(Information supplied Opens)

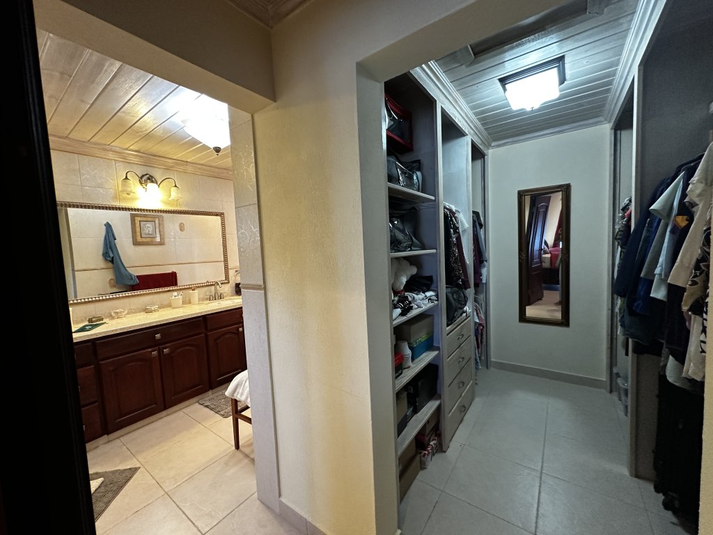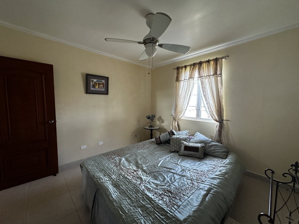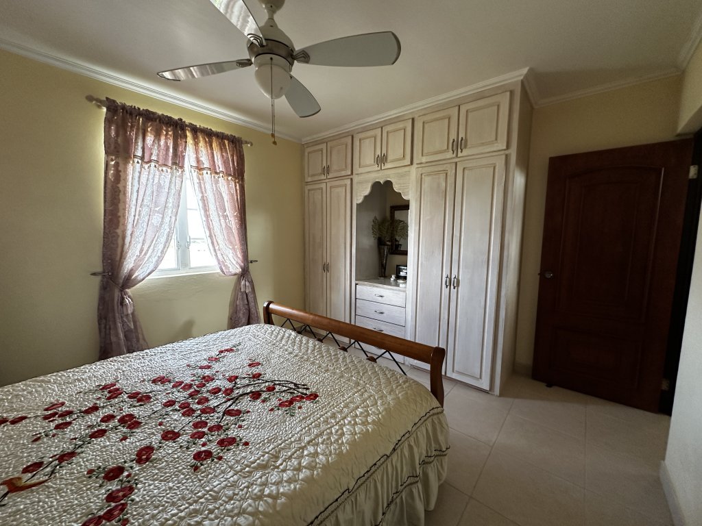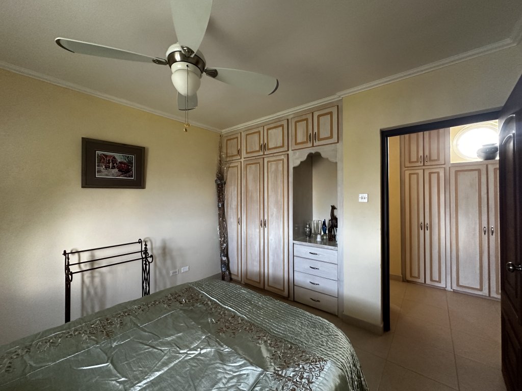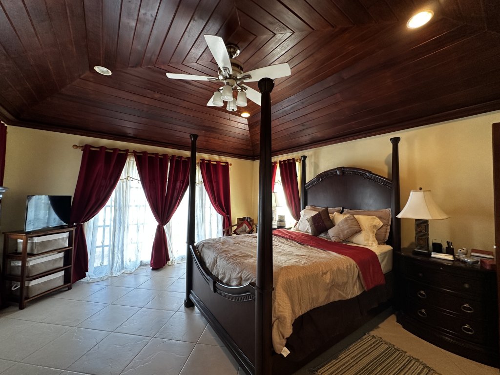 Two generously sized bedrooms share a well-appointed bathroom on the middle level. Both rooms offer ample space, ceiling fans, and built-in teak closets, complemented by additional storage on this floor.
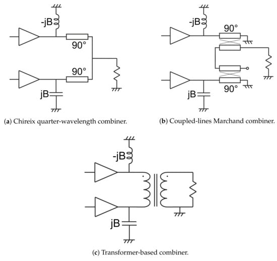 An effective method to reduce the limiting effect of the devices’ output capacitances is to account for them within the combining network [76]. This approach has the main advantage of minimizing circuit size, with noticeable bandwidth enhancements [27,46,58].
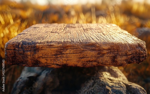 Rustic wooden slab on rocks

(Information supplied Closes)

Your copy of the data above should match it exactly, apart from the images.

* [Task response]:
 Two generously sized bedrooms share a well-appointed bathroom on the middle level. Both rooms offer ample space, ceiling fans, and built-in teak closets, complemented by additional storage on this floor.
 An effective method to reduce the limiting effect of the devices’ output capacitances is to account for them within the combining network [76]. This approach has the main advantage of minimizing circuit size, with noticeable bandwidth enhancements [27,46,58].
 Rustic wooden slab on rocks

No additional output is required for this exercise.